Le ministère de la Culture et des Communications a entamé mardi le mouvement visant à acquérir la maison de New Carlisle dans laquelle René-Lévesque a été élevé. 

Expropriation imminente de la maison de René-Lévesque

Selon ce qu'a appris Le Soleil, le ministre de la Culture et des Communications Luc Fortin annoncera mercredi que son gouvernement a entamé le processus d'expropriation de la maison René-Lévesque, c'est-à-dire la résidence de New Carlisle dans laquelle l'ancien premier ministre du Québec a été élevé.
L'action du ministère est justifiée par le piètre état de la demeure. La maison du 16, Mount Sorel est classée monument historique depuis le 24 juin 1995. Déjà à l'époque, elle était au coeur de discussions entre son propriétaire, Denis Cloutier, et le ministère de la Culture, afin que des travaux de réfection soient entrepris. Des travaux mineurs ont été entamés au fil des ans, sans plus.
Dans une lettre, le 4 août, le ministre Fortin avait enjoint Denis Cloutier à collaborer, lui rappelant que ses obligations, considérant la protection légale accordé à la maison René-Lévesque, revenaient à la conserver en bon état. Des subventions étaient disponibles dans ce cas.

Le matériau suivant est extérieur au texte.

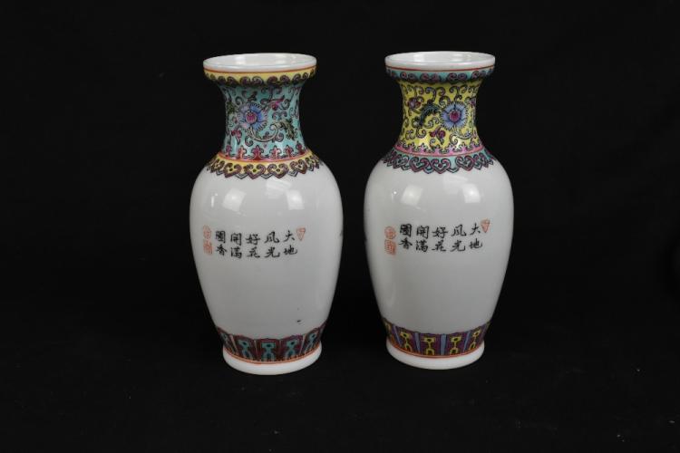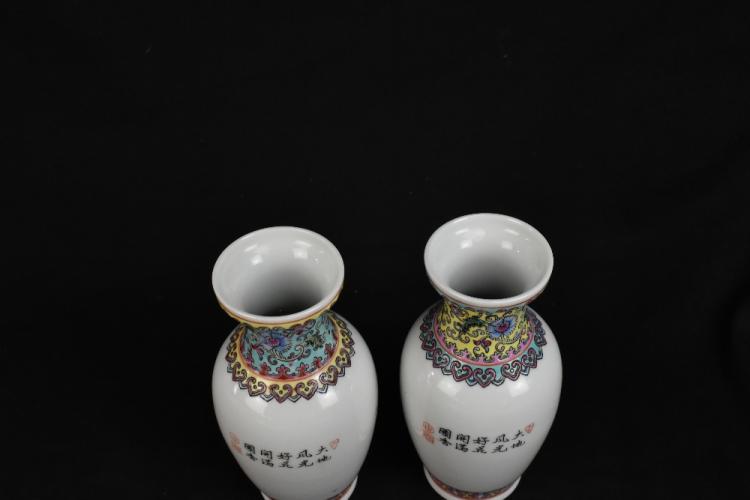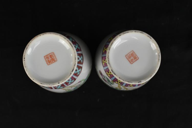 Lot 93A of 1739: A pair of 20th century Chinese Famille Rose porcelain vases with ruyihead motifs to the shoulder, the bodies decorated with birds and floral sprays, the reverse painted with characters, red seal mark to underside, height 17cm (2).

Il donnait au propriétaire jusqu'au 19 septembre pour faire connaître ses intentions quant au sort réservé à la maison. M. Cloutier n'a pas répondu. Le ministre avait indiqué le 4 août qu'il n'hésiterait pas à utiliser les pouvoirs d'expropriation dévolus en vertu de la «loi sur le patrimoine culturel».
C'est la première fois depuis l'adoption de la loi en 2012 qu'un ministre se sert du pouvoir d'expropriation. 
«Les nombreuses tentatives d'une négociation directe avec le propriétaire n'ayant donné aucun résultat, il est grand temps de poser des gestes concrets pour assurer la préservation de la maison René-Lévesque. Le gouvernement reconnaît l'apport et l'héritage que René Lévesque a laissé au Québec. C'est pourquoi j'enclenche dès maintenant le processus d'expropriation tel que me le permet la loi», annoncera le ministre mercredi.
Sa priorité demeure une entente de gré à gré avec M. Cloutier sur un prix de vente. Le ministre pourrait même suspendre le processus d'achat s'il y a «engagement sérieux du propriétaire» à restaurer la maison. En cas d'expropriation et d'un prix contesté par Denis Cloutier, c'est le Tribunal administratif du Québec qui tranchera, un processus qui pourrait être long.
Le ministre devra préalablement obtenir un décret du gouvernement québécois pour enclencher l'expropriation, une condition facilitée par la reprise de la session parlementaire mardi.
Une maison en triste état
La maison est en triste état. Un pan entier de revêtement extérieur est enlevé depuis des années, du côté ouest. Une grande toile bleue cache l'intérieur de la véranda, aussi depuis des années. Certaines pièces de la gouttière semblent tenir par habitude. L'intérieur a l'air inhabitable. Le gazon est tondu, seul signe de présence récente.
René Lévesque a habité cette maison de l'année de sa naissance, en1922, jusqu'en 1939. La bibliothèque de son père Dominique, avocat, est longtemps restée dans la maison. On ne sait trop ce qu'il en reste.